Cerpen : Mimpi Setelah Membaca


 
Oleh: Yolanda Agnes Aldema

Akulah perempuan paling beruntung sejagad. Memperoleh seorang laki-laki yang sepanjang hidupnya mengkonsumsi buku, menggubah puisi dan menulis cerita pendek sebagai perekam segala yang ia lakukan dan pikirkan. Katanya, ketika membaca dengan sungguh-sungguh, ia selalu terangsang untuk menulis. Menjadi seorang kekasihnya adalah mencipta kehidupan yang damai, apalagi untukku yang tak tahu apapun perihal memproduksi tulisan.
Mengenal samar-samar ketika satu kelas dengannya. Aku tak pernah menjemput bola, ia lah yang mengeluarkan tanda-tanda. Aku seolah menang dan menemukan harta karun lengkap dengan petualangan penuh misteri. Aku tak akan bercerita panjang tentang kehadiran rasa kasmaran, waktu itu, ketika hujan sering datang bersama kilat dan angin. Sebuah cerita pendek yang dibuat untukku adalah mantra yang membuatku jatuh hati. Baru kali itu, tiga lembar tulisan secara sekejap dan tetiba membuatku menerimamu. Dahulu, aku sedikit meragukanmu.
***

Buku adalah barang yang layak mendapat banyak ucapan terima kasih. Saban malam aku selalu membaca buku. Tunggu, jangan anggap aku ini pandai dan kutu buku. Hal lain mengharuskanku membaca. Kadang-kadang, tak jelas dari mana datangnya, aku kesulitan untuk tertidur. Saat itulah aku membaca buku, layaknya sebuah obat penawar. Lima belas menit kemudian, hanya ada suara dengkuran dan lelehan ludah.

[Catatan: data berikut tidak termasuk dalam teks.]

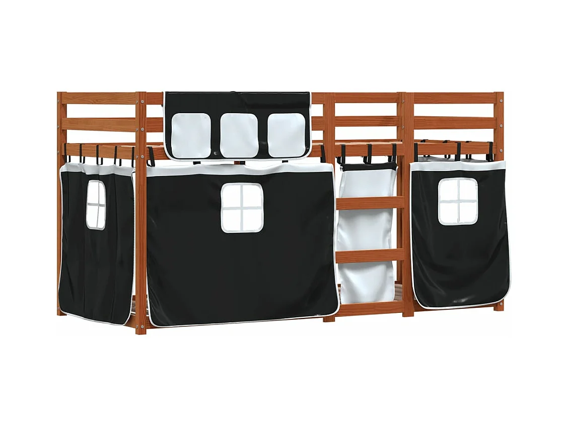Lit superposé avec rideaux blanc-noir 80x200 bois pin massif

Buku hanya pengantar tidur yang mujarab. Sebulan satu kali aku akan mengunjungi toko buku untuk membeli novel atau kumpulan cerita pendek yang harganya telah kupatok tak terlalu mahal. Caranya, pilih saja buku yang tidak terbit pada bulan yang sama ketika membeli buku. Aku tak pernah mementingkan buku keluaran terbaru atau yang telah lama nangkring di rak-rak toko buku. Sepertinya, aku sedikit paham judul dan nama pengarang buku-buku sastra.

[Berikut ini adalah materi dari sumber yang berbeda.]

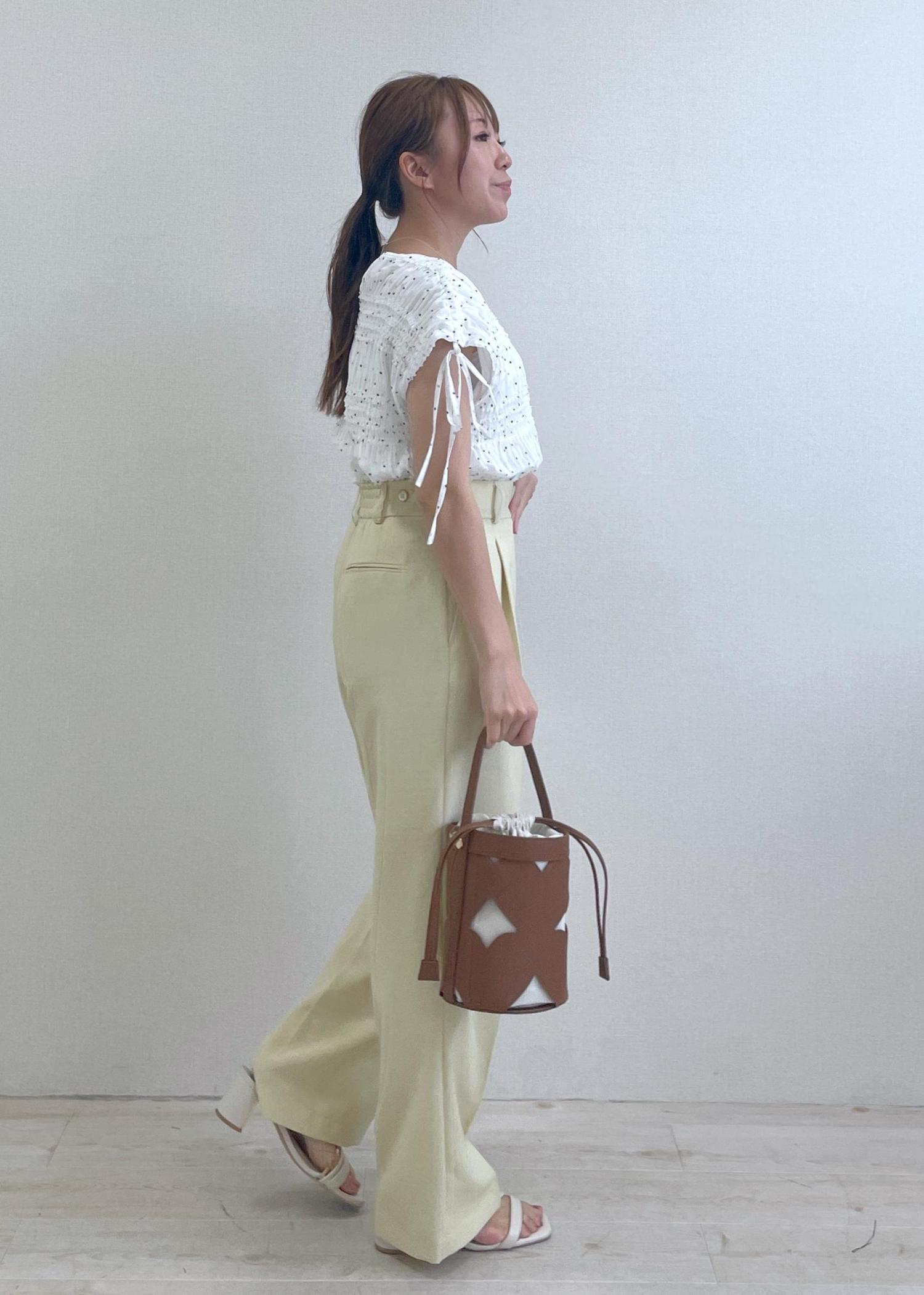 口元は巾着で中身が見えにくく、夏のお出かけにぴったりなバッグです。 -

Tidak hanya malam hari, ketika ingin tidur siang, aku membaca buku agar segera tertidur. Hingga tak jarang, sederet kisah dalam buku pun masuk ke ruang mimpi. Bertransmisi ke dalam tidur. Siang itu, setelah membaca cerita pendek Eka Kurniawan, Perempuan Patah Hati yang Kembali Menemukan Cinta melalui Mimpi, aku bermimpi. Dalam mimpiku, Maya ditinggal kekasihnya demi perempuan yang tidak lain adalah sahabatnya, dan melalui mimpi ia akan memperoleh seorang kekasih. Ceritanya tak berubah, hanya saja laki-laki dalam mimpi Maya adalah kau. Laki-laki yang baru-baru ini jadi kekasihku.
Getaran ponsel dan meja berpelitur, membangunkanku. Rupa-rupanya pesan singkat darimu. Kau bercerita, sedikit mengeluh, kau merasa sial, seorang mahasiswa semester satu telah menyabet juara pertama cerpen langganan salah satu koran kenamaan di negeri ini. Aku hanya mampu bertanya, siapa mahasiswa semester satu itu. Aku tak tahu dan tak mau tahu, sebenarnya. Ya, walaupun akhirnya aku tetap mencari berita itu di internet.
***
Burung-burung pulang ke peraduan. Silam, ketika ekosistem masih seimbang, burung-burung akan pulang kepepohonan, ke dalam sangkar jerami buatan. Kini yang terjadi, burung-burung bergumul di atas kabel listrik yang silang sengkarut di atas riuh rendah suasana sore menuju malam. Burung-burung kehilangan pohon dan sangkar jerami, mereka terpaksa menggantinya dengan kabel hitam dan udara karbon monoksida yang melambung ke udara. Langit telah berkarat, menjelma kuning tua dan lampu merah akan meminta para pengendara untuk berhenti sejenak, menonton burung di atasnya. Warnanya hitam, berukuran seragam. Cukup mengerikan.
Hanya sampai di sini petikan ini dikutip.